As a former “sinner,” Wilkins says he knows firsthand the role of Christ's love in overcoming his homosexuality. Although a believer in Christ and His intent for people to be heterosexual since he was 9, Wilkins practiced homosexuality until he was 22, when biblical lessons inspired him to change.

“I honestly did not know how to be heterosexual,” Wilkins said, “but I did know how to be obedient. The Bible does not tell us how a person comes out of homosexuality: step 1, step 2, step 3. But I peeled away passages in the Bible and found passages that applied to me.

Wilkins said he ceased his homoerotic activities, including looking at male pornography. He said he even stopped looking at Men's Health magazine to avoid temptation.

But while he believed God could make him celibate,. he never expected to became heterosexual. Today, Wilkins has been married for six years to his wife, Lisa.

“If somebody had told me,” he said, “that 24 years later I'd be very, very, very happily married and would have a baby on the way, I would have laughed at them and then I would have cried, because that was what I wanted.”

Before Wilkins married his wife, he told her about his homosexual past. Lisa immediately suggested that they spread his story to help other struggling homosexuals. Two years later they moved from Winston-Salem to Raleigh to work for a like-minded ministry. When that organization closed two months later, they began CROSS.

Wilkins, who received a master's degree in divinity at Southwestern Seminary, now runs the ministry out of a converted hotel room on the fourth floor of the Providence Baptist Church in Raleigh.
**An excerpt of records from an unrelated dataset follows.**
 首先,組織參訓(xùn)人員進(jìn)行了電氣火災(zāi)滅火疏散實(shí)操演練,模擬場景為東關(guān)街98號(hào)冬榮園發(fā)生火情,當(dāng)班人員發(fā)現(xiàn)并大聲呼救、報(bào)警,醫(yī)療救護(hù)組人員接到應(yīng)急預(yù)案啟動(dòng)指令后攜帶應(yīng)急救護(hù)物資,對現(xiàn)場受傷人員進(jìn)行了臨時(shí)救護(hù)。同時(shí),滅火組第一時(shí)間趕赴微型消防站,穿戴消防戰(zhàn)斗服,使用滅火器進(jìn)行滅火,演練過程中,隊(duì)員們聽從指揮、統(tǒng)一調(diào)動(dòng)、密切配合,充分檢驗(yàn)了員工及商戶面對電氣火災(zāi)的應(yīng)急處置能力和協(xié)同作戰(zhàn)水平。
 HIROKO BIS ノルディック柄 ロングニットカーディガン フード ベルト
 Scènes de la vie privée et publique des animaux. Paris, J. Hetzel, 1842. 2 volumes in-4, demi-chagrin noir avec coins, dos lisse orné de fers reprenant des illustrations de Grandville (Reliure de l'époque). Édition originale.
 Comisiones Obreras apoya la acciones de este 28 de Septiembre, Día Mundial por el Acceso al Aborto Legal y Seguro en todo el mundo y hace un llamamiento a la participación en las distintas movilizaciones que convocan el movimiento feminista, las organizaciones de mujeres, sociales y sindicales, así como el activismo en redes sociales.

CROSS, a “speaking, teaching, writing ministry,” does not counsel homosexuals, Wilkins says, but helps inform them of God's plan and how accepting Christ can lead them from homosexuality, if not to heterosexuality.
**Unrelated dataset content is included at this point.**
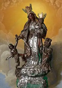 The original, 18th-century image of Our Lady of Salvation reflects her role, according to Catholic doctrine, as Co-Redemptrix. The Virgin is portrayed as carrying the Christ Child in her left arm, while her right arm grasps a man[note 1] by the wrist as he is about to fall into a gaping Hellmouth. An angel kneels at the foot of the Virgin, offering a basket of burning hearts to Christ, who holds a burning heart in his right hand, while his left hand is stretched in a gesture of accepting the hearts.[3]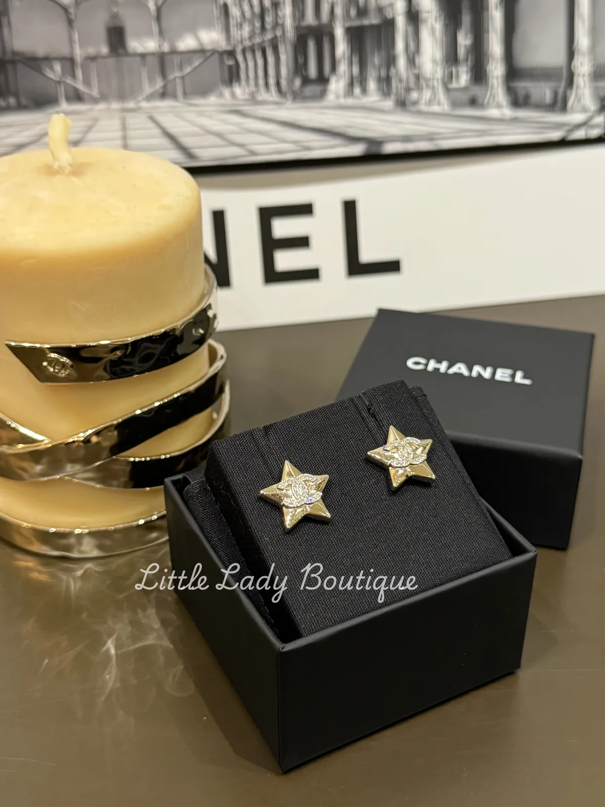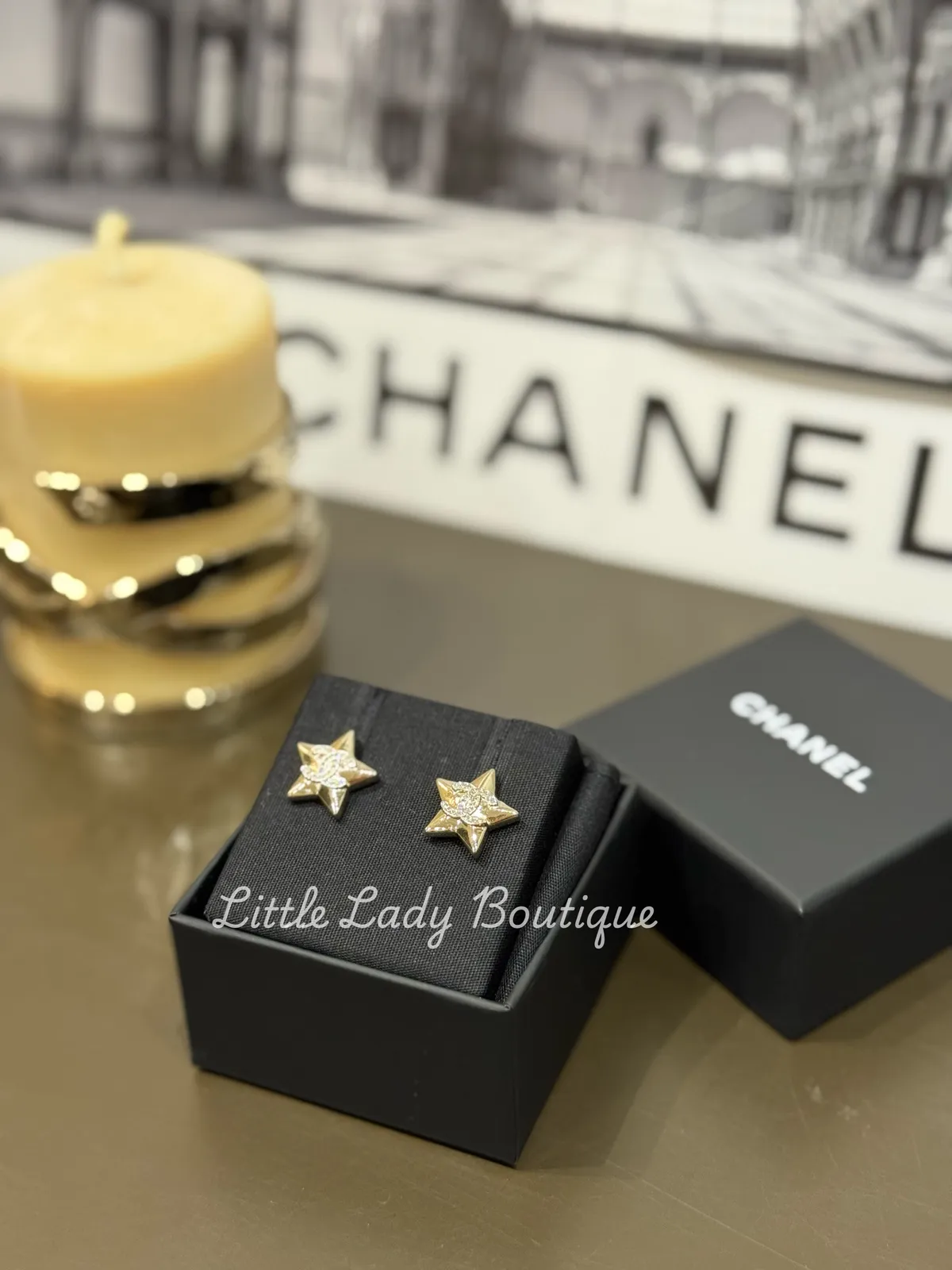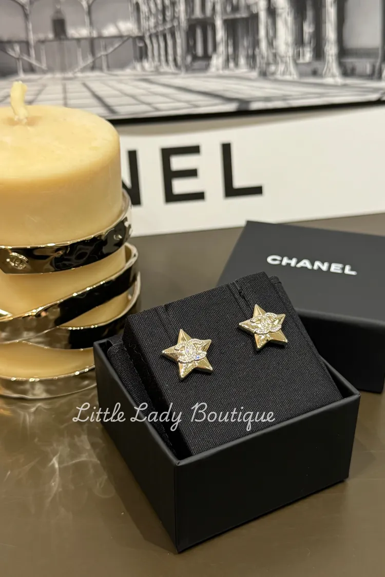 CHANEL 淺金色 雙C鑽 星星型 貼耳針式耳環

Both CROSS and Exodus dismiss theories that homosexuality may be biologically natural, and therefore cannot be a sin. Arguments by scientists, like genetic researcher Dean Hamer and neuro-anatomist Simon LeVay, cannot derail God's intentions, Wilkins says.

“Down syndrome is inborn,” Wilkins said. “Spinabifida is inborn. We don't consider these normal conditions. We use medicine to treat them.”
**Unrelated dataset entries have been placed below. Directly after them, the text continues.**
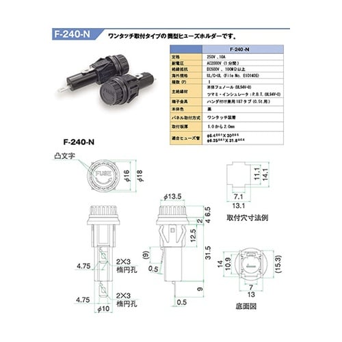 実装:パネル | 極数:1極 | 形状:筒型 | 操作部形状:丸 | 方式:ワンタッチ取付 | 定格:250V−10A | 端子金具:ハンダ付け兼用1…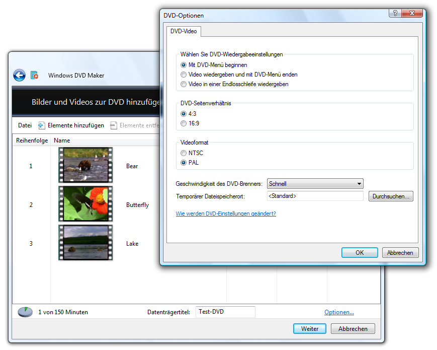 Ebenfalls neu dabei: Windows DVD Maker. Im Windows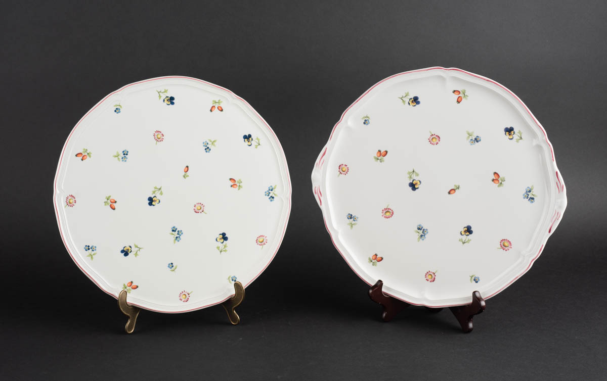 Petit Fleur - Tveir framreiðsludiskar - Postulín - Merkt. 1 x 30 cm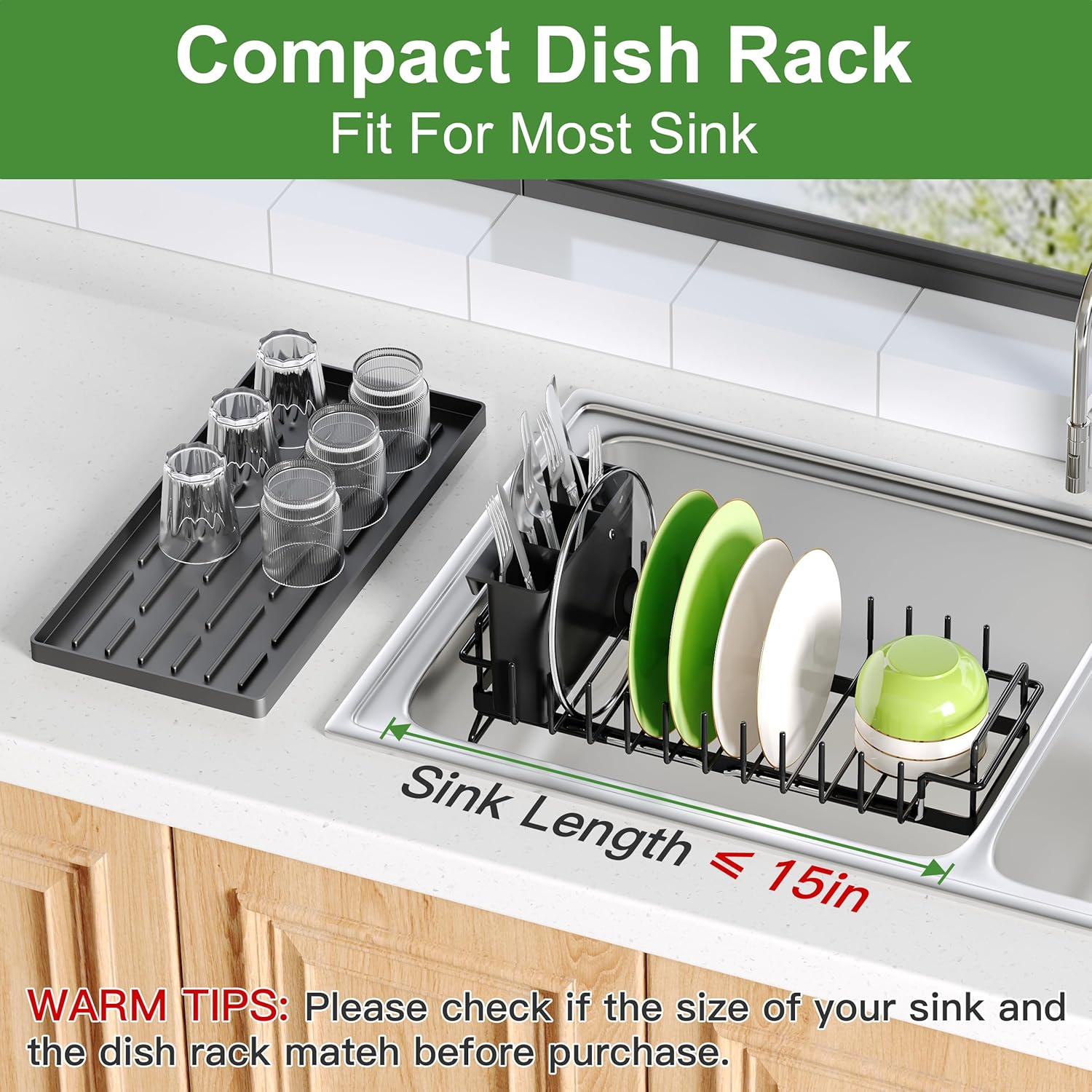 • 📏Small Space Kitchen Solution: This compact dish drying rack works over sinks, inside sink basins, or with tray on counter. Perfect small in sink dish drying rack that maximizes vertical space for precious kitchen areas.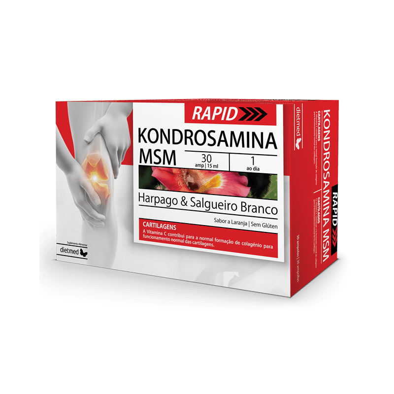 1 ampola: Sulfato de Glucosamina 750 mg, Sulfato de Condroitina 600 mg, MSM 375 mg, Extrato de Harpago 150 mg, Extrato de Salgueiro Branco 150 mg, Vitamina C 80 mg (100% VRN*). *
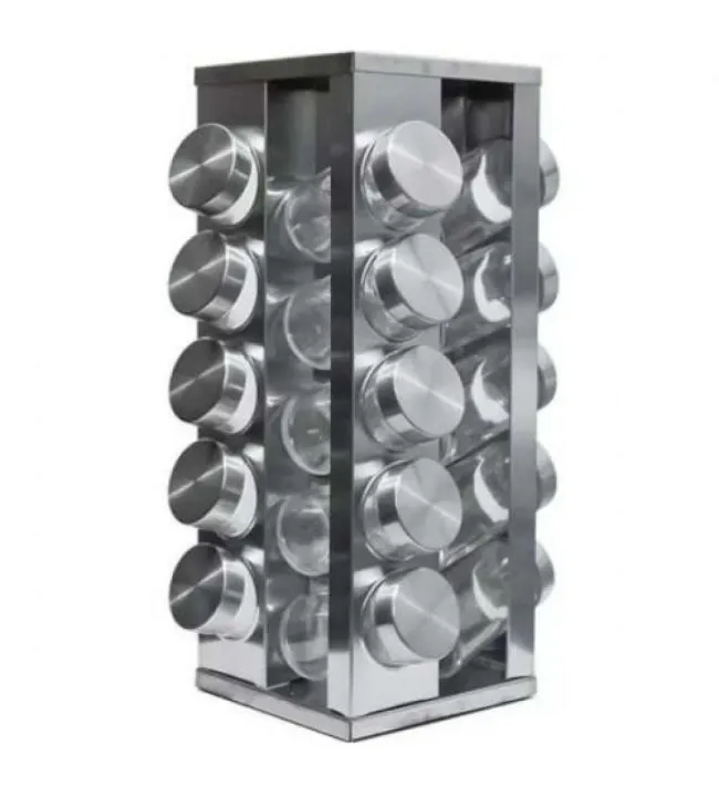 Spice Rack Stand Carousel Rotating Glass 20 Jars

He also says that Jesus' command that people “must be born again,” means gays and lesbians must find a way to resist their urges. While Jesus may not lead all homosexuals to a heterosexual lifestyle, he said, Jesus' grace can remove the urge.

This article was originally printed in the Durham Herald-Sun (Durham, North Carolina) on December 4th, 1999 on pages B1 & B3. It is reprinted here with permission.